┏━━
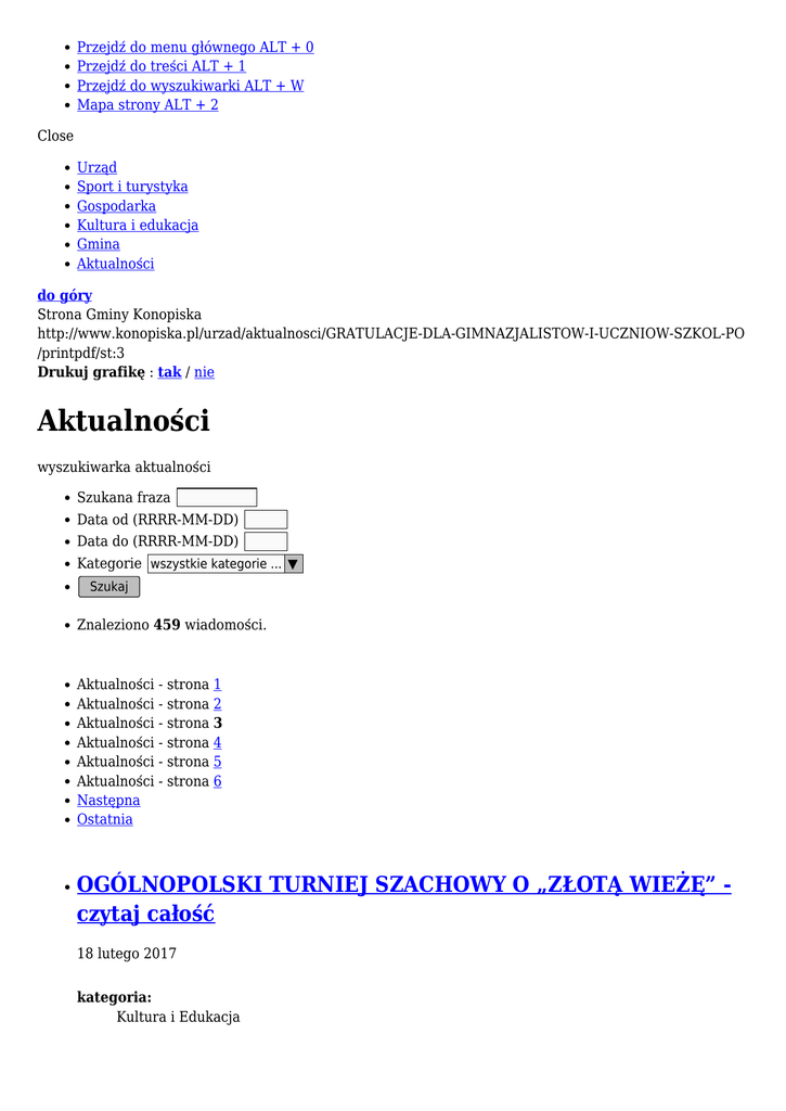 Przejdź do menu głównego ALT + 0 Przejdź do treści ALT + 1 Przejdź do wyszukiwarki ALT + W Mapa strony ALT + 2 Close Urząd Sport i turystyka Gospodarka Kultura i edukacja Gmina Aktualności do góry Strona Gminy Konopiska http://www.konopiska.pl/urzad/aktualnosci/GRATULACJE-DLA-GIMNAZJALISTOW-I-UCZNIOW-SZKOL-PO /printpdf/st:3 Drukuj grafikę : tak / nie Aktualności wyszukiwarka aktualności Szukana fraza Data od (RRRR-MM-DD) Data do (RRRR-MM-DD) Kategorie wszystkie kategorie ... ▼ Szukaj Znaleziono 459 wiadomości. Aktualności - strona 1 Aktualności - strona 2 Aktualności - strona 3 Aktualności - strona 4 Aktualności - strona 5 Aktualności - strona 6 Następna Ostatnia OGÓLNOPOLSKI TURNIEJ SZACHOWY O „ZŁOTĄ WIEŻĘ” czytaj całość 18 lutego 2017 kategoria: Kultura i Edukacja Organizatorami turnieju szachowego w eliminacjach powiatowych jest Powiatowe Zrzeszenie LZS w Częstochowie, Starostwo Powiatowe w Częstochowie, Gmina Konopiska i Gminne Centrum Kultury i Rekreacji w Konopiskach. Pierwsza runda zostanie rozstrzygnięta 26 lutego br. Serdecznie zapraszamy do udziału w turnieju! OGÓLNOPOLSKI TURNIEJ SZACHOWY O „ZŁOTĄ WIEŻ OGÓLNOPOLSKI TURNIEJ SZACHOWY O „ZŁOTĄ WIEŻĘ” - czytaj całość ŚWIAT SZKLANYCH WITRAŻY - czytaj całość 18 lutego 2017 kategoria: Kultura i Edukacja Gminne Centrum Kultury i Rekreacji w Konopiskach zaprasza na bezpłatne warsztaty rękodzieła dla młodzieży i osób dorosłych w ramach Mobilnego Uniwersytetu Kultury. Zapisy do 22 lutego 2017r. ŚWIAT SZKLANYCH WITRAŻY ŚWIAT SZKLANYCH WITRAŻY - czytaj całość Konopiska Cup 2017 - czytaj całość 17 lutego 2017 kategoria: Sport i Turystyka W niedziele 12 lutego br. odbył się kolejny turniej Konopiska Cup. Tym razem swojej mecze rozgrywali zawodnicy urodzeni 2006 i młodsi. Turniej wygrała Pogoń Ruda Śląska pokonując w finale po bardzo zaciętym meczu naszą drużynę Lotu Konopiska 3:2. W spotkaniu o trzecie miejsce Raków okazał się lepszy od Ajaksu Częstochowa. Konopiska Cup 2017 Konopiska Cup 2017 - czytaj całość OBÓZ ZIMOWY MAŁE CICHE 2017 - czytaj całość 17 lutego 2017 kategoria: Sport i Turystyka Jak co roku, Uczniowski Ludowy Klub Sportowy ALEX, działający przy Zespole Szkolno – Przedszkolnym im. Jana Kochanowskiego w Aleksandrii, zorganizował zimowy obóz narciarski w przepięknej tatrzańskiej miejscowości Małe Ciche. OBÓZ ZIMOWY MAŁE CICHE 2017 OBÓZ ZIMOWY MAŁE CICHE 2017 - czytaj całość Zawiadomienie - czytaj całość 17 lutego 2017 kategoria: Urząd Na podstawie art. 20 ust. 3 ustawy o samorządzie gminnym z dnia 8 marca 1990 r. (Dz. U. z 2016 poz. 446) zawiadamiam, że dnia 22 lutego 2017 r. (środa) o godz. 14.00 w sali konferencyjnej Urzędu Gminy w Konopiskach odbędzie się XXX sesja Rady Gminy Konopiska Zawiadomienie Zawiadomienie - czytaj całość WYMIANA KOTŁÓW / PIECÓW - Informacje wstępne - czytaj całość 17 lutego 2017 kategoria: Urząd W dniu 12 stycznia 2017r. Zarząd Województwa Śląskiego przyjął uchwałą nr 64/165/V/2017 projekt uchwały Sejmiku Województwa Śląskiego w sprawie wprowadzenia na obszarze województwa śląskiego ograniczeń w zakresie eksploatacji instalacji w których następuje spalanie paliw. WYMIANA KOTŁÓW / PIECÓW - Informacje wstępne WYMIANA KOTŁÓW / PIECÓW - Informacje wstępne - czytaj całość Kolejne wygrana w Wojewódzkiej Lidze Młodzików - czytaj całość 16 lutego 2017 kategoria: Sport i Turystyka Dwie kolejne wygrane odniosła drużyna AZS 2020 Konopiska w Wojewódzkiej Lidze Młodzików. Tym razem nasz zespół 11 lutego 2017 roku rozgrywał swoje mecze w Jaworznie. Hala, w której odbywają się siatkarskie zawody jest strasznie mała i bardzo niska, co bardzo utrudnia grę w siatkówkę. Kolejne wygrana w Wojewódzkiej Lidze Młodzików Kolejne wygrana w Wojewódzkiej Lidze Młodzików - czytaj całość Ogłoszenie - czytaj całość 14 lutego 2017 kategoria: Urząd 14 lutego 2017 roku, została złożona oferta przez Gminny Ludowy Klub Sportowy „LOT” Konopiska na realizację zadania publicznego z zakresu upowszechniania kultury fizycznej i sportu: pt. Finał, Finałów Konopiska Cup 2017 Ogłoszenie Ogłoszenie - czytaj całość Nadzwyczajna Sesja Rady Gminy Konopiska - czytaj całość 11 lutego 2017 kategoria: Urząd 10 lutego 2017 roku na nadzwyczajnej Sesji Rady Gminy Konopiska Stanisław Sączek na mocy Uchwały Rady został wpisany do Księgi Zasłużonych dla Gminy Konopiska. Radni podjęli też drugą uchwałę nadania nazwy rondu w Rększowicach imienia biskupa Franciszka Musiela. To bardzo ważne uchwały, które zostały podjęte. Nadzwyczajna Sesja Rady Gminy Konopiska Nadzwyczajna Sesja Rady Gminy Konopiska - czytaj całość Obwieszczenie - czytaj całość 10 lutego 2017 kategoria: Urząd Obwieszczenie Wójta Gminy Konopiska Obwieszczenie Obwieszczenie - czytaj całość Aktualności - strona 1 Aktualności - strona 2 Aktualności - strona 3 Aktualności - strona 4 Aktualności - strona 5 Aktualności - strona 6 Następna Ostatnia
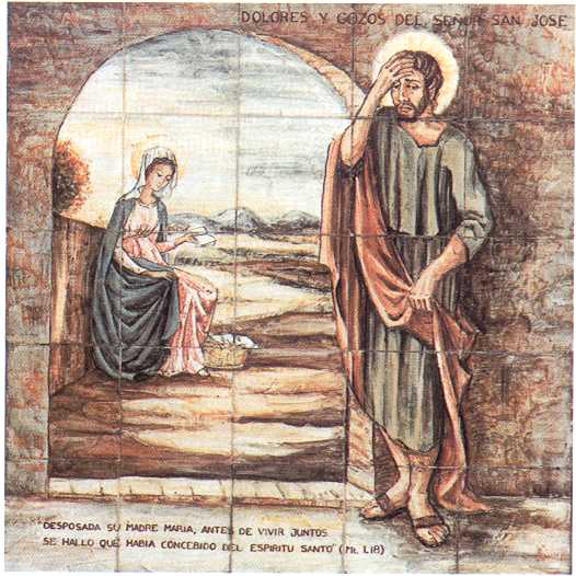 José se sabía verdaderamente afortunado por haber encontrado a María, una mujer que pensaba como él y tenía a Dios como valor más importante de su vida. Reconoce y agradece los designios de la Providencia divina. En medio de su deseo por agradar a Dios y amar a su esposa observa con sorpresa que María espera un niño. ¿Qué significa aquello? María era una mujer muy especial y en ese momento sospecha que algo grande ha debido suceder; un misterio divino como tantos otros que recoge la Biblia. José piensa que tiene que desaparecer de la escena y dejar que Dios haga como desee. Pero sufre, sufre muchísimo porque eso supone dejar a quien más quiere en el mundo. En ocasiones no se entiende lo que sucede. ¿Qué hacer entonces? Mirar a Dios y esperar. Dios es fiel; quien se apoya en él no quedará defraudado. |
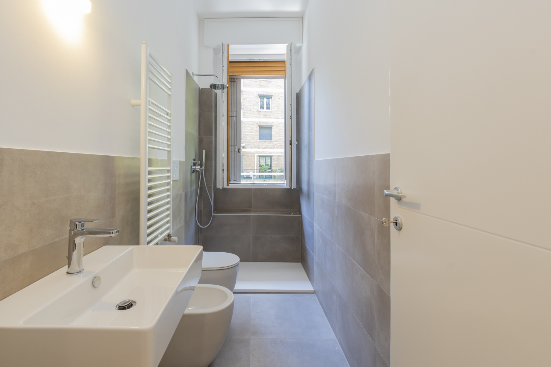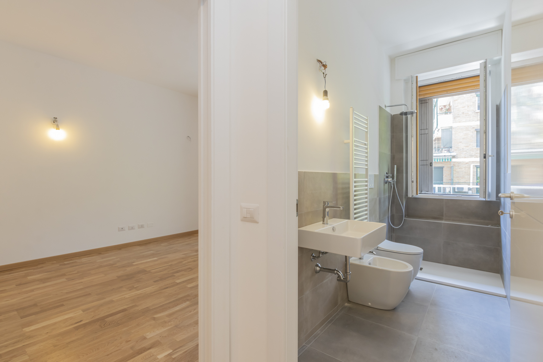 Bagno finestrato con ampia doccia. Camera matrimoniale con porta finestra (90/245) e accesso al balcone. Spazio per cabina armadio e/o zona smart working.
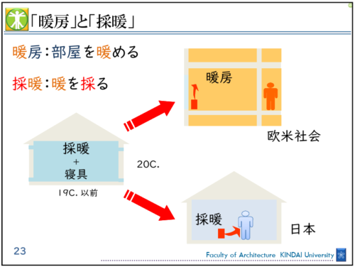 日本の住宅業界では、「暖房」と「採暖」の違いに対する理解が十分に浸透していません。これは、長年「採暖」で十分とされてきた日本の生活文化に起因します。
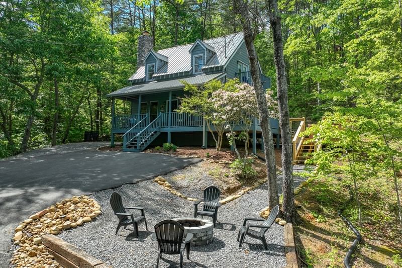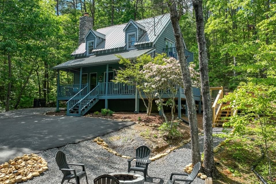 Featuring vaulted ceilings, a wood-burning fireplace, and panoramic views, our four-bedroom cabin includes a covered patio, full kitchen, dining area, laundry facilities, and private bedrooms with full bathrooms.
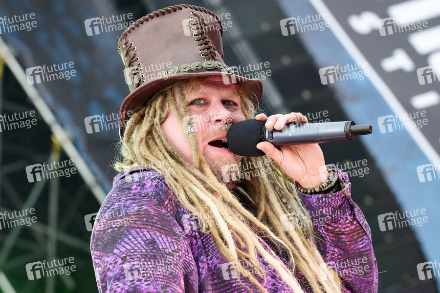 Jonne Järvelä von Korpiklaani live auf dem Summerside Festival 2024 beim Flugplatz. Grenchen, 21.06.2024
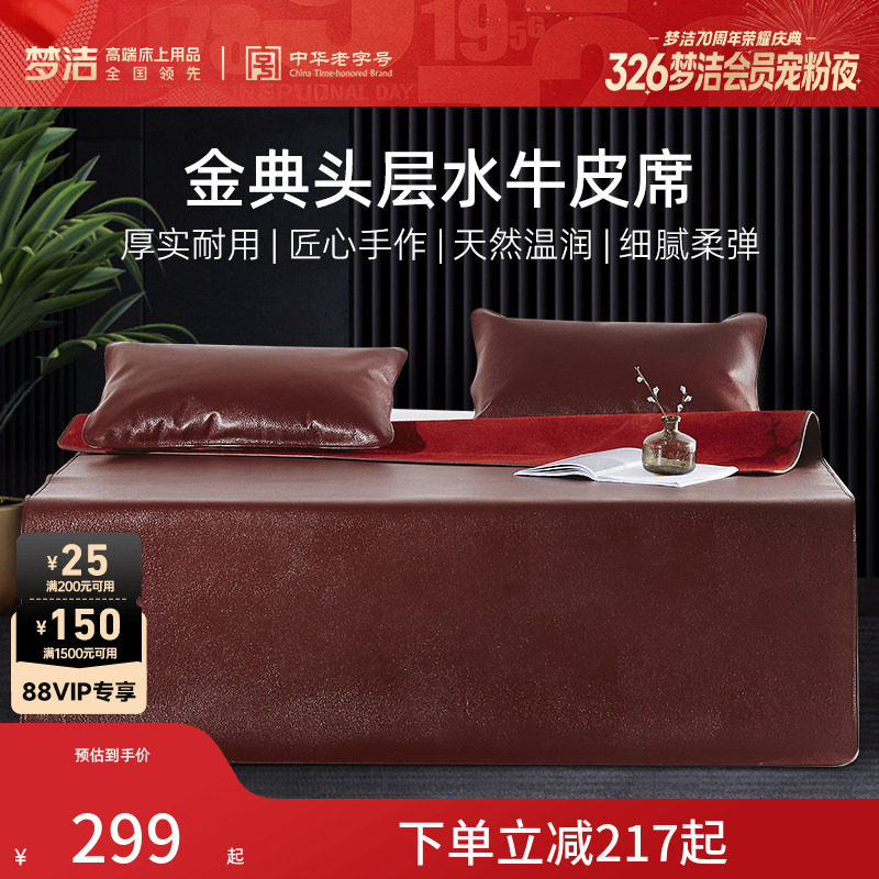 梦洁牛皮凉席头层水牛皮席子空调凉席三件套软席1.5m1.8m家用新款
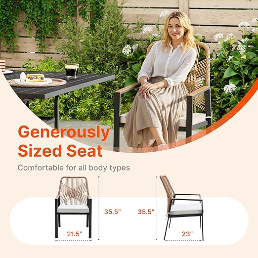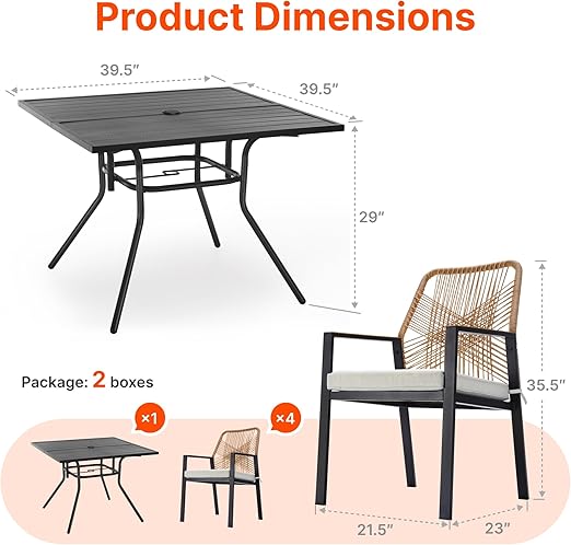التصميم يجمع بين الأسلوب العصري واللمسات البوهيمية الراقية، مع تشطيب راتان يدوي يعطي مظهرًا طبيعيًا جذابًا. اللون Beige الهادئ يجعل الطقم مناسبًا لمعظم الديكورات الخارجية دون أي تعقيد. الطاولة مربعة الشكل بتصميم يوفر مساحة عملية لتناول الطعام أو المشروبات.
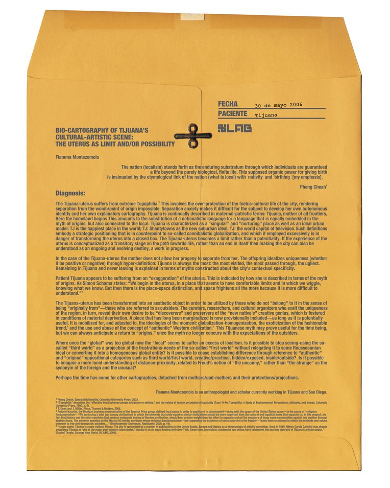 In "Bio-cartography of Tijuana's Cultural-Artistic Scene," a conceptual and cartographic piece, I set out to think of the gesture of mapping an urban landscape as a diagnostic act. With a sense of irony toward the curator’s medical gaze and cannibalistic form of care, I perform here the role of an imaginary gynecologist diagnosing her patient named Tijuana. Mediated through the materiality of an ultrasound of my own uterus—a gendered and highly contested scientific technology that monitors fetal growth and developmental stages—my medical report is a provocative reading of the parent-child relationship between curators and artists in Tijuana and a critic of a new “localized” nationalism.
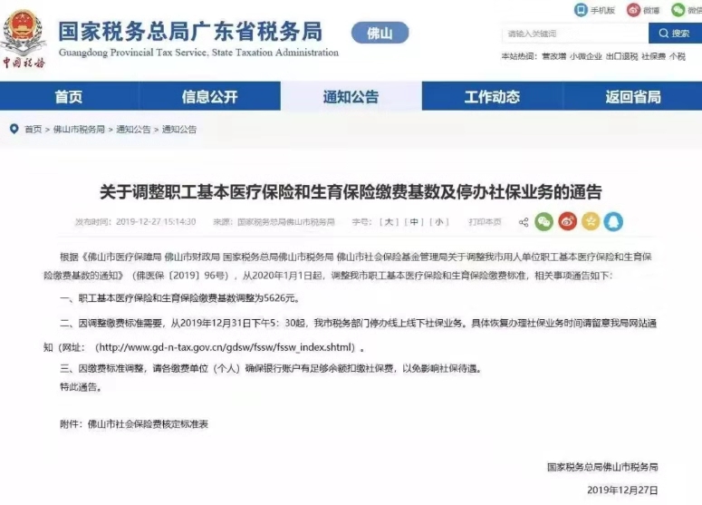 接国家税务总局广东省税务局通知,职工基本医疗保险和生育保险缴费基数调整为
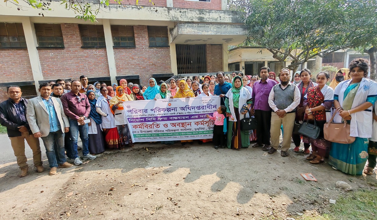 মঙ্গলবার সকাল থেকে উপজেলা পরিবার পরিকল্পনা কার্যালয়ের সামনে কর্মবিরতি ও অবস্থান কর্মসূচি পালিত হয়।
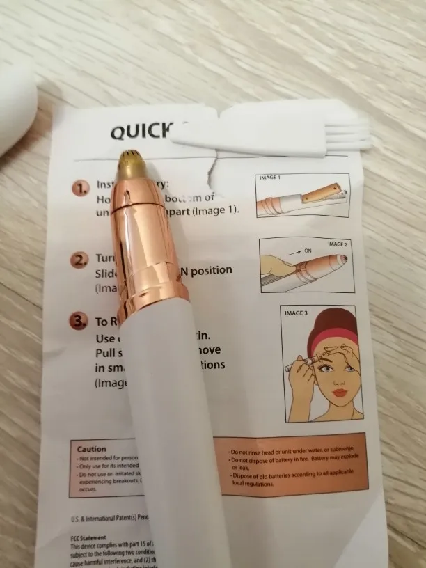 вставила батарейку мизинчиковую. включила. не сразу получилось. потом приноровилась. действително удаляет. безболезненно.
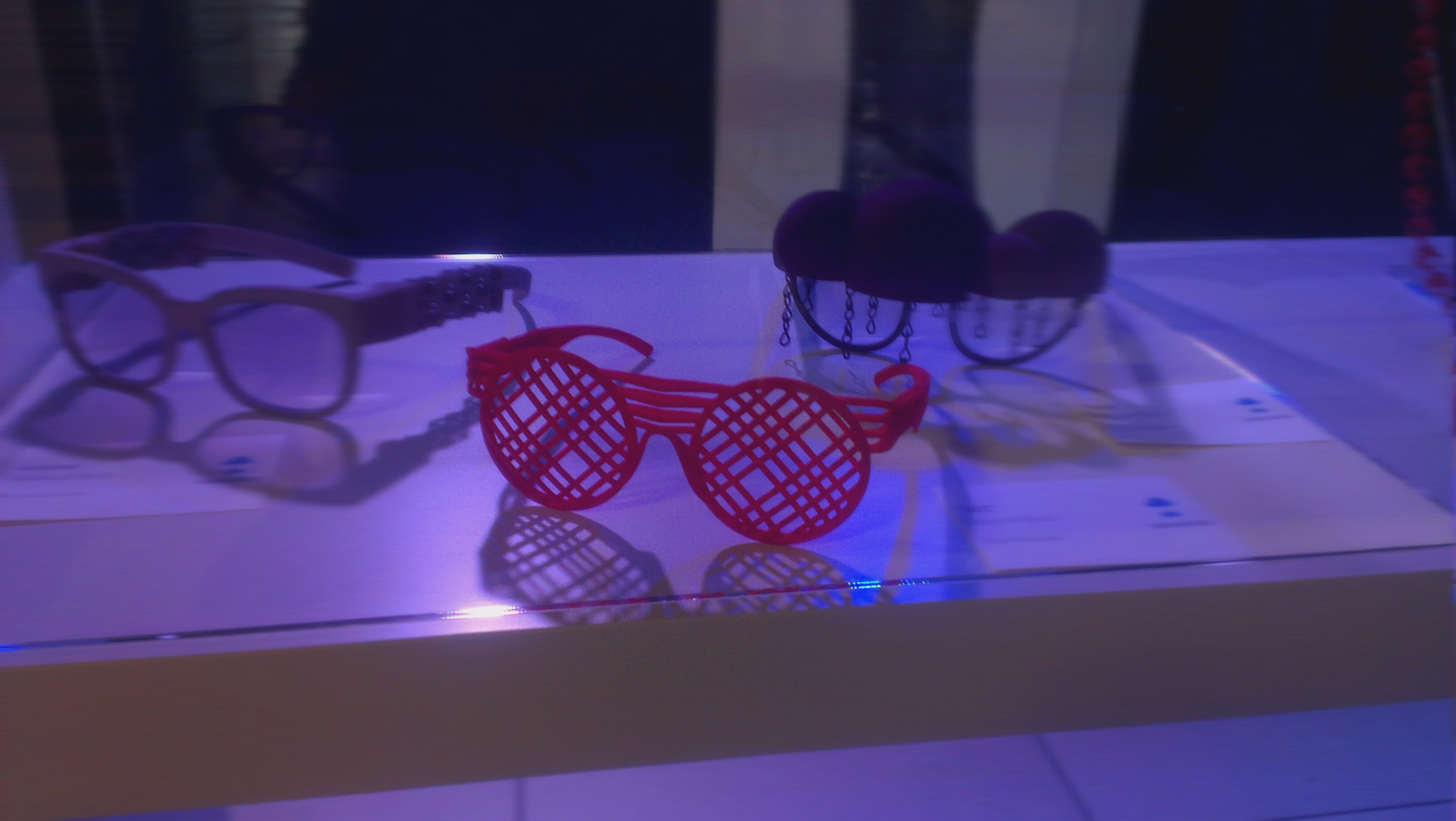 Over de loop van de middag zijn er niet meer dan vijftien bezoekers tegelijkertijd aanwezig, maar dankzij de machines heerst er toch bedrijvigheid. In één hoek staan echter geen 3D-printers. Het enige wat hier beweegt is het licht, dat ritmisch van kleur verandert. Paspoppen laten het roerloos over zich heen glijden. Hetgeen wat hen om de nek hangt is dat wat de aandacht trekt.
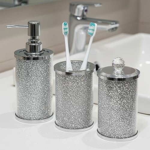 Bring elegance and sparkle to your space with this crystal glass crushed diamond bathroom accessories set in a stunning silver finish. This luxury bathroom accessory set is designed to add a touch of glamour to your vanity, countertop, or sink area. The reflective crushed diamond detailing creates a dazzling effect, making it the perfect modern bathroom decor set or elegant bathroom accessories for guest bathrooms, master baths, or powder rooms. Crafted from premium glass, this glass bathroom accessories set is not only beautiful but also durable and easy to clean. The bathroom soap dispenser and toothbrush holder set keeps your sink organized while enhancing your décor, making it a functional and decorative bathroom vanity set. Whether you need a bathroom counter accessories set for daily essentials, a bathroom sink set for a cohesive look, or a complete bathroom accessories set for a remodel, this silver crystal set delivers both style and practicality. Ideal for gifting, it’s a perfect modern bathroom accessory set for weddings, housewarmings, or holidays. Transform your space with this crystal bathroom accessories set, and enjoy a sparkling, coordinated look that elevates your bathroom’s style.
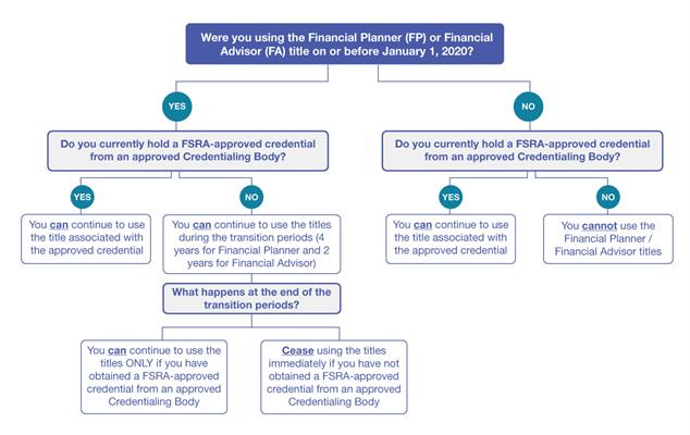 If you started using the title after January 1, 2020, you are only permitted to do so once you have obtained an approved Financial Advisor credential from a FSRA-approved credentialing body. You may alternatively use the Financial Planner title or any
┗━━
:: Task ::
Copy out the lines above from the line containing "التصميم يجمع بين" through the line containing "Over de loop", exactly, and keep the pictures out.

:: Your solution ::
التصميم يجمع بين الأسلوب العصري واللمسات البوهيمية الراقية، مع تشطيب راتان يدوي يعطي مظهرًا طبيعيًا جذابًا. اللون Beige الهادئ يجعل الطقم مناسبًا لمعظم الديكورات الخارجية دون أي تعقيد. الطاولة مربعة الشكل بتصميم يوفر مساحة عملية لتناول الطعام أو المشروبات.
 In "Bio-cartography of Tijuana's Cultural-Artistic Scene," a conceptual and cartographic piece, I set out to think of the gesture of mapping an urban landscape as a diagnostic act. With a sense of irony toward the curator’s medical gaze and cannibalistic form of care, I perform here the role of an imaginary gynecologist diagnosing her patient named Tijuana. Mediated through the materiality of an ultrasound of my own uterus—a gendered and highly contested scientific technology that monitors fetal growth and developmental stages—my medical report is a provocative reading of the parent-child relationship between curators and artists in Tijuana and a critic of a new “localized” nationalism.
 接国家税务总局广东省税务局通知,职工基本医疗保险和生育保险缴费基数调整为
 মঙ্গলবার সকাল থেকে উপজেলা পরিবার পরিকল্পনা কার্যালয়ের সামনে কর্মবিরতি ও অবস্থান কর্মসূচি পালিত হয়।
 вставила батарейку мизинчиковую. включила. не сразу получилось. потом приноровилась. действително удаляет. безболезненно.
 Over de loop van de middag zijn er niet meer dan vijftien bezoekers tegelijkertijd aanwezig, maar dankzij de machines heerst er toch bedrijvigheid. In één hoek staan echter geen 3D-printers. Het enige wat hier beweegt is het licht, dat ritmisch van kleur verandert. Paspoppen laten het roerloos over zich heen glijden. Hetgeen wat hen om de nek hangt is dat wat de aandacht trekt.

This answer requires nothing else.